Insects are shown alphabetically within taxonomic level. If you see an error, please let me know via the contact tab at the top of the page.
Apidae: European Honeybee (Apis mellifera)
Apidae: Bumblebee (Bombus)
At least two species are shown here. The black and yellow bumblebees are what I've seen up to now in Albuquerque, but my two examples from the Sandia Mountains have a band of rusty orange on their abodomens.
Apidae: Carpenter Bee (Xylocopa)
The neighborhood carpenter bees, which look like all-black bumblebees, are the insect that led me to start web pages for insects other than butterflies and moths. In April 2020 I found a carpenter bee dead on the sidewalk a block from my home. It showed no apparent damage. In October 2020 I found a second dead carpenter bee sitting on a rose of Sharon. I suspect that both fell victim to back yard chemical warfare.
In July 2021 I learned that they aren't all black; I'll include pictures below. The folks at BugGuide identified the July 2021 bee as a male Xylocopa sonorina. In the August 2021 picture you can see the ocelli, or simple eyes, on top of the bee's head. These eyes allow the bee to navigate using the sun's position in the sky.
In August 2020 I did a brief blog on a carpenter bee I saw nectar robbing. One of the photos included here shows that same behavior.
Carpenter bees look scary but the males lack stingers and the females only sting if they feel they're being attacked. I have a carpenter bee "house" in my yard, and it's been used repeatedly. Consider adding a carpenter bee house to your yard!
Cynipidae, Gall Wasps: Andricus?
It's common to see these orange-red galls on oaks in the foothills and lower reaches of the Sandia Mountains. When there are multiple galls on the same plant, it looks like the oak has reddish fruit.
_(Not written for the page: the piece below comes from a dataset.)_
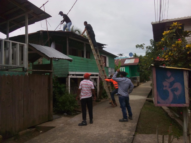 Panamá, 30 de marzo de 2021. Con el apoyo de las autoridades locales, cuadrillas del Ministerio de Vivienda y Ordenamiento Territorial (Miviot) iniciaron los trabajos de mejoras a las residencias de cuatro familias de bajos recursos económicos residentes en el corregimiento de Bastimentos, en la provincia de Bocas del Toro.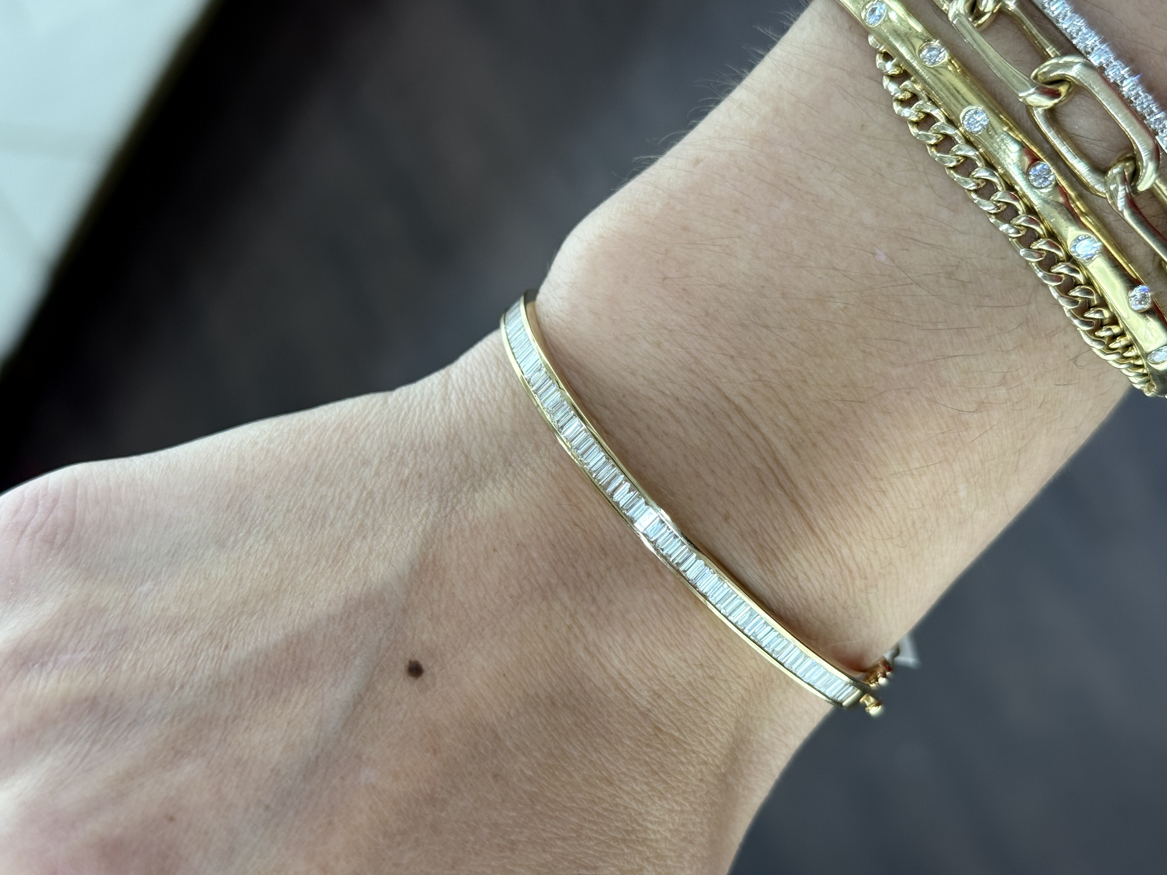 Description 14KY GOLD 1.00CTTW BAGUETTE DIAMOND BANGLE BRACELET 14KT YELLOW GOLD- 585, HIGH POLISH1.02CTTW BAGUETTE CUT DIAMONDS G COLOR, SI3 CLARITY, CHANNEL SET HIDDEN BOX AND SAFETY CLASP CLOSURE

A close look shows that these galls are attached to leaves not twigs.
Cynipidae, Gall Wasps: Disholcapis?
When this twig gall is live, it produces a sugary substance much desired by wood ants (genus Formica). In return, the ants may scare off would-be predators of the wasp larva within.
Cynipidae, Gall Wasps: Diplolepsis
Eulophidae? Gall wasps
Halictidae: Green Metallic Sweat Bee (Agapostemon)
Ichneumonidae: Giant Ichneumonid Wasp (Megarhyssa)
The long "tail" on this female wasp is an ovipositor. The female paralyzes a horntail wasp grub deep inside a dead tree, and leaves an egg. When the egg hatches, that grub feasts on the paralyzed horntail wasp grub. You can see a picture of the victim species farther down on this page.
Mutillidae: Velvet Ant (Dasymutilla)
Males of this genus have wings. The females don't, and instead travel, seemingly constantly, as they search for ground-dwelling bees and wasps to serve as hosts for their young.
Pompilidae: Spider Wasp
Spider Wasps paralyze spiders to serve as food for their larvae. Despite this ferocious approach to child-rearing, adult Spider Wasps are vegans, living off nectar.
Pompilidae: Tarantula Hawk (Pepsis)
Tarantula Hawk wasps include two genera, Pepsis and Hemipepsis. I'm putting this one in the former based on the blue sheen. In 1989 one species of Tarantula Hawk, P. formosa (now known as P. grossa), became the New Mexico state insect.
Siricidae: Banded Horntail (Urocerus gigas)
At first, this Banded Horntail looked like an especially large, especially nasty wasp. However, it sat docilely on a freshly felled tree as I approached with my camera. The yellow "stinger" is an ovipositor. To see a wasp species that preys on this one, check out the giant ichneumonid wasp earlier on this page.
As I ate lunch high in the Manzanitas, this wasp sipped from a drop of water on the rim of my water bottle—a recycled Gatorade bottle that retained the orange ring formerly attached to the cap. The adult wasps usually sip nectar from flowers, so the wasp may have flown to the plastic ring because of its bright color.